Эвенки притихли. Сидели в лодке, подняв плоские лица к небу, и на них лег отсвет холодной пустыни, первобытно огрубив черты.
Я подумал, что, вероятно, уже к осени рваную эту рану, этот подгляд в доисторические времена затянет осевшей тайгою, что тут лягут один на другой и перемешаются пласты земли, может быть, даже оползут останцы и гольцы, которые едва-едва проглядываются в густой шкуре тайги, и место это, этот Медведь, потеряет свои привычные черты и исчезнет с лица земли, как и тот израненный и убитый мною.
Набрав воды в бутылку, я не увидел воду.
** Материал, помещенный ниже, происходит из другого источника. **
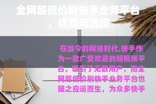 在当今的网络时代,快手作为一款广受欢迎的短视频平台,吸引了无数用户,而全网超低价刷快手业务平台也随之应运而生,为众多快手用户提供了一种提升自身账号数据的途径。
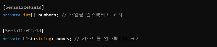 - 직렬화 가능한 데이터만 인스펙터 창에 표시됩니다. (예: int, float, string, Unity의 GameObject, Transform 등)
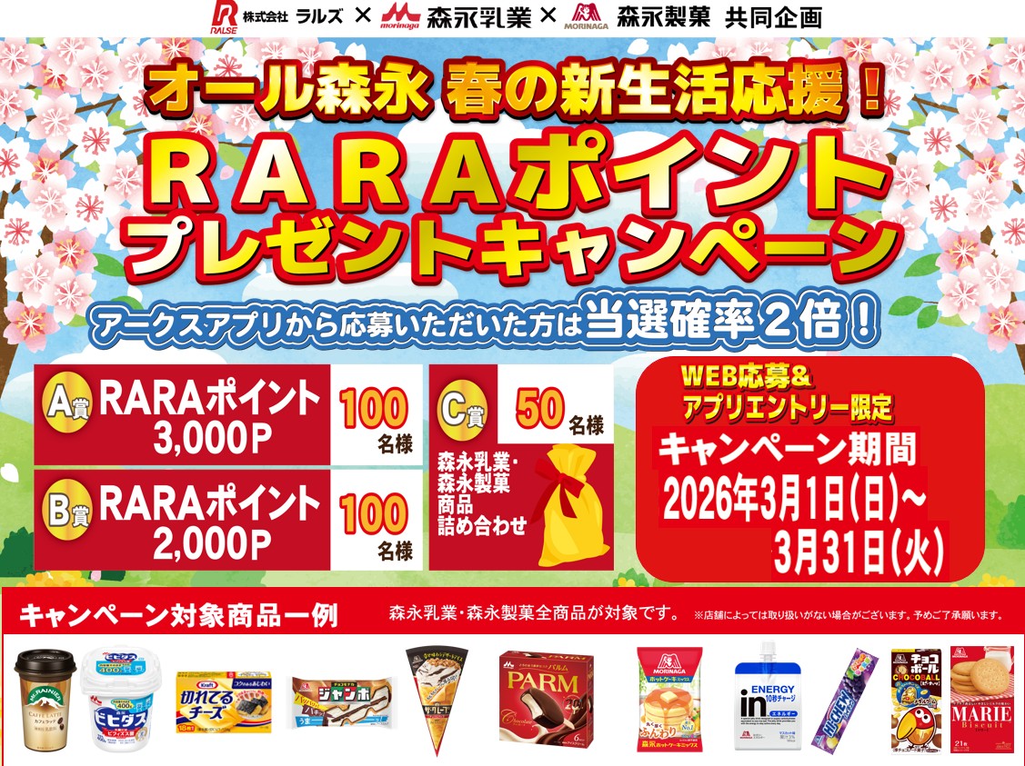 キャンペーン期間中、ラルズ各店で対象商品500円(税抜)以上を含むレシートをWEB応募フォームにてご応募下さい。

Она была чище самой чистой, какую доводилось мне видеть, — байкальской. Я прикоснулся к ней губами, не решаясь сделать хотя бы маленького глотка. Что содержится в ней, в чистейшей, почти невидимой и пахнущей космической ледяной пустыней? Вода была безвкусна и пресна.
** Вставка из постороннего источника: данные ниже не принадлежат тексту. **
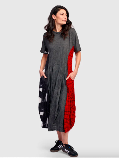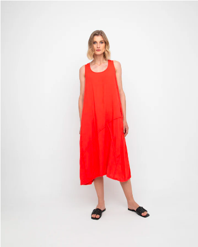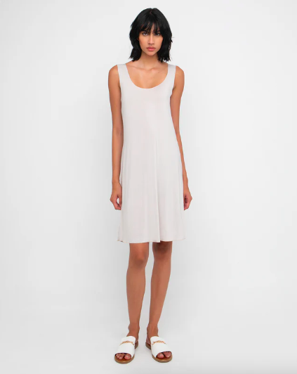 You may like Guest Designer Ozai N Ku Sunrise Dress (left) and Ozai N Ku Slip Dress (right) made in a combo of semi-sheer relaxed weave fabric and a smooth tight weave fabric.

— Хотите попить? — предложил я своим друзьям. И оба решительно отказались, закачав головами.
— Поедем, бойе, однако, за два дня не добежим так-то, — сказал Осип, и на лице его я углядел нетерпение.
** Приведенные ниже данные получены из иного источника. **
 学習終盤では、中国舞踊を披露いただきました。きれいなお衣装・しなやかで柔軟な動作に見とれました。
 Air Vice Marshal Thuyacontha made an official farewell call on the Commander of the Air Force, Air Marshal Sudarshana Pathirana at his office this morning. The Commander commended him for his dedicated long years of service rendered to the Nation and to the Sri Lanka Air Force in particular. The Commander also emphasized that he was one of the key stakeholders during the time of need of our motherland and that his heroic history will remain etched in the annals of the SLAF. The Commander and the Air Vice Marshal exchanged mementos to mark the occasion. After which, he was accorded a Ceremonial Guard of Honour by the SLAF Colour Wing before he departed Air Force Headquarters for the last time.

— Колодно, — поежился Василий. — Поедем, бойе, а?
Там, где упирался мыс Медвежьего увала в Авлакан, мы пересекли реку и подчалились к левому берегу. Отсюда путь наш лежал тайгою.
Я привычно сориентировался, сделав открытие, что мы находимся совсем не в том месте, куда указывал рукою Осип на Инаригдском плесе. Но ничего не сказал своим проводникам. Так, вероятно, им нужно было — попутать направление. А может быть, по древним еще привычкам эвенк никогда не показывает путь, куда собирается идти. Они не всегда такие наивные, как нам кажутся, древние поверья и привычки.
Из всех народов, населяющих тайгу, я больше всего люблю эвенков. Может быть, за то, что они дольше других отстаивают свое родное место под солнцем. С какой-то необыкновенной страстью держатся за леса и тундры, не рассыпаясь и не разбредаясь по чужим весям. Люблю их, и это точно, за скрытую привязанность к земной красоте, к природе. Она в них совсем так же, как врожденная культура общности людей. Не брызжет наружу, не проявляется, но крепко и основательно лежит в сердце, и ничем не вытравишь ее оттуда: ни прекрасными обещаниями сладкой жизни, ни горькой отравой алкоголем, ни проповедью к поклонению перед всесильной машиной.
Я люблю бродить с интеллигентами тайги, так зовут знатоки таежных эвенков, в рабочих маршрутах и охотничьих переходах, люблю их, в меру молчаливых и в меру разговорчивых, но всегда готовых добром откликнуться на добро. Стремительное движение отнимает что-то безвозвратно и у них, они, как и все вокруг, меняются, но все-таки держатся, из последних сил цепляются за свое таежное, в наших понятиях, глухое место под солнцем. И не дай тому случиться, чтобы и они потеряли его. А случись такое, я глубоко уверен, миру будет нанесен непоправимый и, может быть, последний удар.
3
Мысли мои текут безотчетно, легко. Я иду следом за Осипом, слыша за собой шаги Василия, и мне хорошо в этом охранном движении. Я могу не следить за направлением, не думать о правильности пути, не быть ответственным за каждый неверный шаг. Все это сейчас неосязаемым грузом на плечах моих товарищей, но они даже не знают об этом. Они просто идут, а значит, живут движением, миром тайги. Редкая для моей профессии расслабленность посетила меня и балует своей слабостью. Даже с хорошим проводником в маршрутах я обычно никогда не расслабляюсь, а значит, в полной мере не соединяюсь с Природой. Но сейчас я в ней. И мысли мои, и думы безответственные, легкие, как сизый наволок дымокура, стелющийся на привале.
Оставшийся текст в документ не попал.